(Input data):
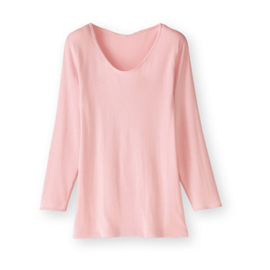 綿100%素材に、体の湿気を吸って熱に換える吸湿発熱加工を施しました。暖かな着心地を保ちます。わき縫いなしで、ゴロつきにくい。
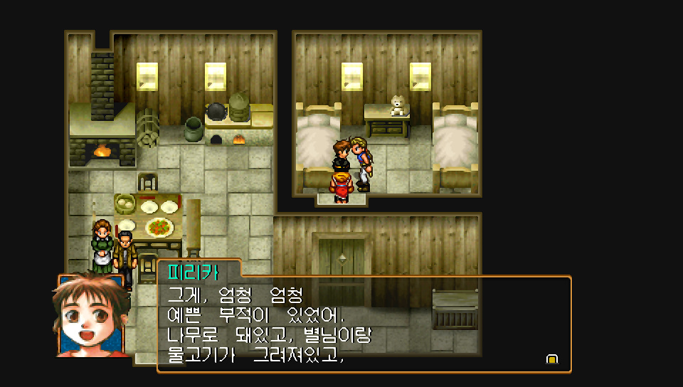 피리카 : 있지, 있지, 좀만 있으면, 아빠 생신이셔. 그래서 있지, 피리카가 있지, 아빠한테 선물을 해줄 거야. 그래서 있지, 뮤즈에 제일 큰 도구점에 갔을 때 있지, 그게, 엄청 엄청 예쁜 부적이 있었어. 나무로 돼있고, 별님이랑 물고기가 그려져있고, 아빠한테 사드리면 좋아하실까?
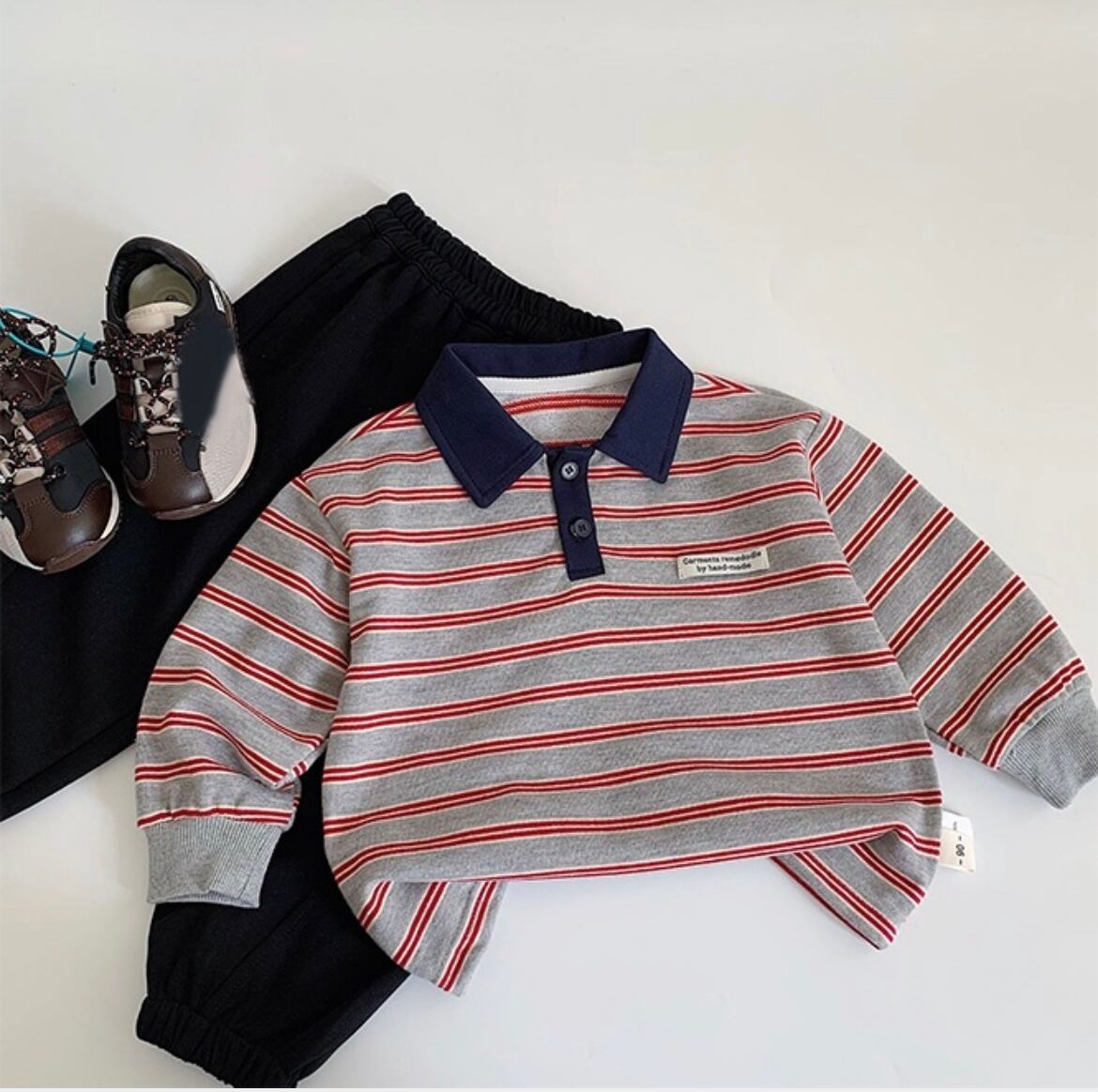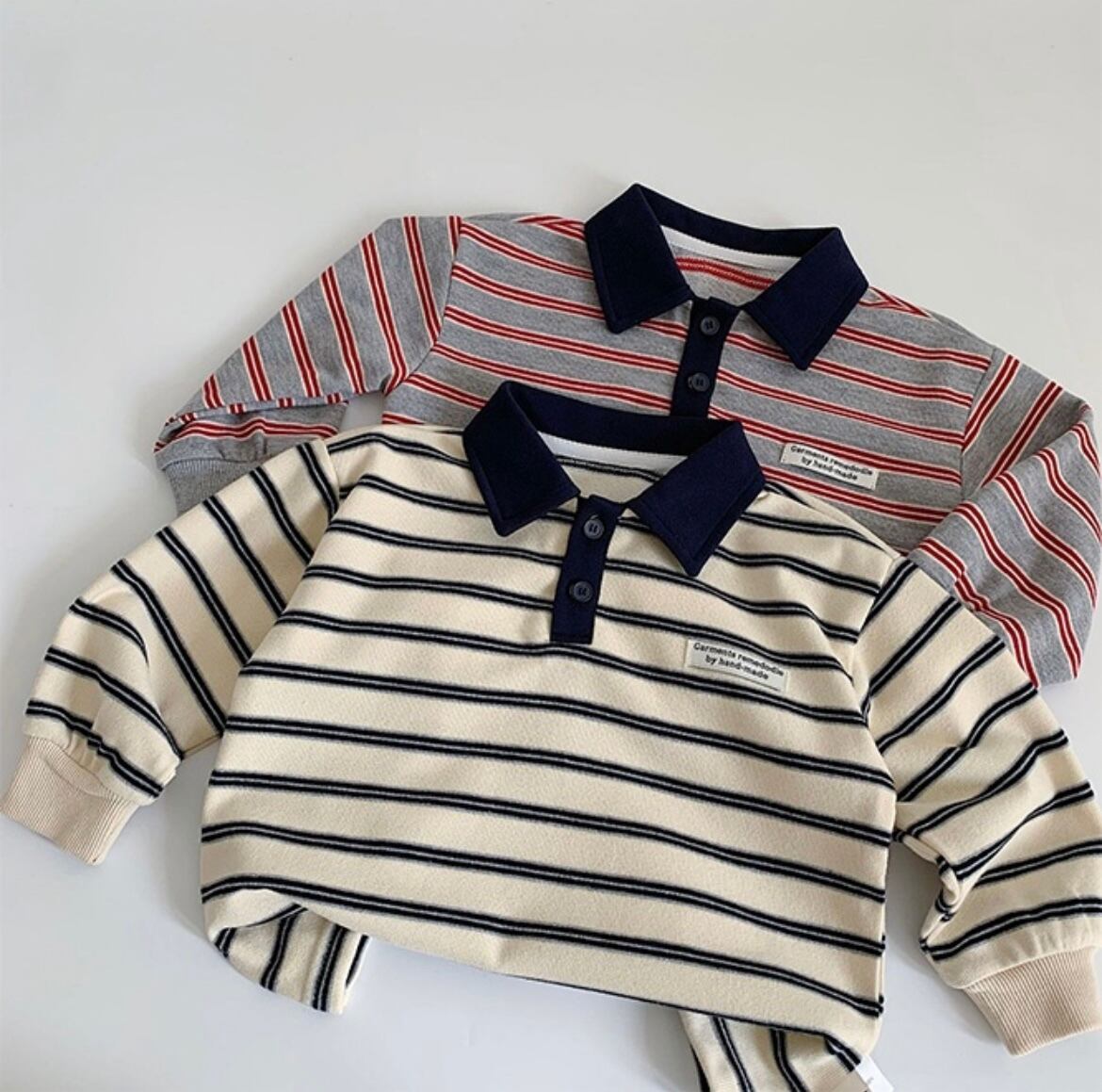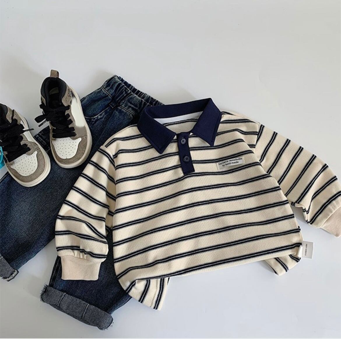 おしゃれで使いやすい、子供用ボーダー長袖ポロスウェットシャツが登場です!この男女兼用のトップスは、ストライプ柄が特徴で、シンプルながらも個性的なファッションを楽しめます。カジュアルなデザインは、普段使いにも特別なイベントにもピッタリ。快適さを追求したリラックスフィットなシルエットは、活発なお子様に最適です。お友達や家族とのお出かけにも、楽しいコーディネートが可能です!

(Assigned task): The required output is the lines from the one containing "피리카 : 있지, 있지, 좀만" through the end of the data, printed exactly, with no pictures.

(Worked solution):
 피리카 : 있지, 있지, 좀만 있으면, 아빠 생신이셔. 그래서 있지, 피리카가 있지, 아빠한테 선물을 해줄 거야. 그래서 있지, 뮤즈에 제일 큰 도구점에 갔을 때 있지, 그게, 엄청 엄청 예쁜 부적이 있었어. 나무로 돼있고, 별님이랑 물고기가 그려져있고, 아빠한테 사드리면 좋아하실까?
 おしゃれで使いやすい、子供用ボーダー長袖ポロスウェットシャツが登場です!この男女兼用のトップスは、ストライプ柄が特徴で、シンプルながらも個性的なファッションを楽しめます。カジュアルなデザインは、普段使いにも特別なイベントにもピッタリ。快適さを追求したリラックスフィットなシルエットは、活発なお子様に最適です。お友達や家族とのお出かけにも、楽しいコーディネートが可能です!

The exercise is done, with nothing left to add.